Computer vision. Lecture for Yandex Small ShAD

    The scope of computer vision is very wide: from barcode readers in supermarkets to augmented reality. In this lecture you will learn where computer vision is used and how it works, how images look in numbers, what tasks in this area are solved relatively easily, which ones are difficult, and why.

    The lecture is designed for high school students - students of the Small ShAD, but adults can learn a lot from it.

    The ability to see and recognize objects is a natural and familiar opportunity for humans. However, for the computer so far - this is an extremely difficult task. Now attempts are being made to teach a computer at least a fraction of what a person uses every day without even noticing it.

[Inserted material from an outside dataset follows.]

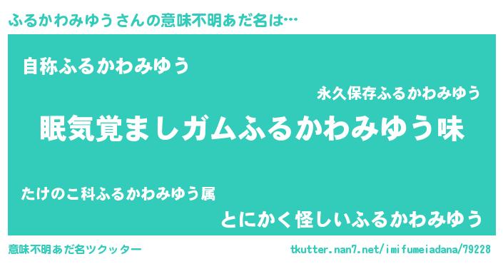 | 男性向けラノベタイトル風あだ名 | 『ノーゲーム・ノーフルカワミユウ』 |

    Probably, most often an ordinary person meets with computer vision at the checkout in a supermarket. Of course, we are talking about reading barcodes. They were designed specifically in such a way as to simplify the computer reading process. But there are more complex tasks: reading license plates, analyzing medical images, flaw detection in production, face recognition, etc. The use of computer vision to create augmented reality systems is actively developing.

    The difference between human and computer vision

    The child learns to recognize objects gradually. He begins to realize how the shape of the object changes depending on its position and lighting. In the future, when recognizing objects, a person focuses on previous experience. During his life, a person accumulates a huge amount of information, the process of learning a neural network does not stop even for a second. It’s not difficult for a person to reconstruct a perspective from a flat picture and imagine how all this would look in three dimensions.

    All this is given to the computer much more complicated. And primarily because of the problem of experience accumulation. It is necessary to collect a huge number of examples, which so far is not very successful.

    In addition, a person always recognizes the environment when recognizing an object. If you pull the object out of the usual environment, it will become much more difficult to recognize it. Here, the experience accumulated over life, which the computer does not have, also plays a role.

    Boy or girl?

    Imagine that we need to learn at a glance to determine the gender of a person (dressed!) From a photograph. First you need to determine the factors that may indicate belonging to a particular object. In addition, you need to collect training set. It is desirable that it be representative. In our case, we take as a training sample all those present in the audience. And try to find distinctive factors based on them: for example, hair length, the presence of a beard, makeup and clothing (skirt or pants). Knowing what percentage of representatives of the same gender met certain factors, we can create fairly clear rules: the presence of theses or other combinations of factors with a certain probability will allow us to tell the person of which gender in the photograph.

    Machine learning

    Of course, this is a very simple and conditional example with a small number of top-level factors. In real tasks that are posed to computer vision systems, there are many more factors. Defining them manually and calculating dependencies is an impossible task for a person. Therefore, in such cases, machine learning is indispensable. For example, you can identify dozens of initial factors, as well as set positive and negative examples. And already the dependencies between these factors are selected automatically, a formula is drawn up that allows you to make decisions. Quite often, the factors themselves stand out automatically.

    Image in numbers

    The most commonly used digital image storage space is the RGB color space. In it, each of the three axes (channels) is assigned its own color: red, green and blue. For each channel, 8 bits of information are allocated, respectively, the color intensity on each axis can take values ​​in the range from 0 to 255. All colors in the digital space RGB are obtained by mixing the three primary colors.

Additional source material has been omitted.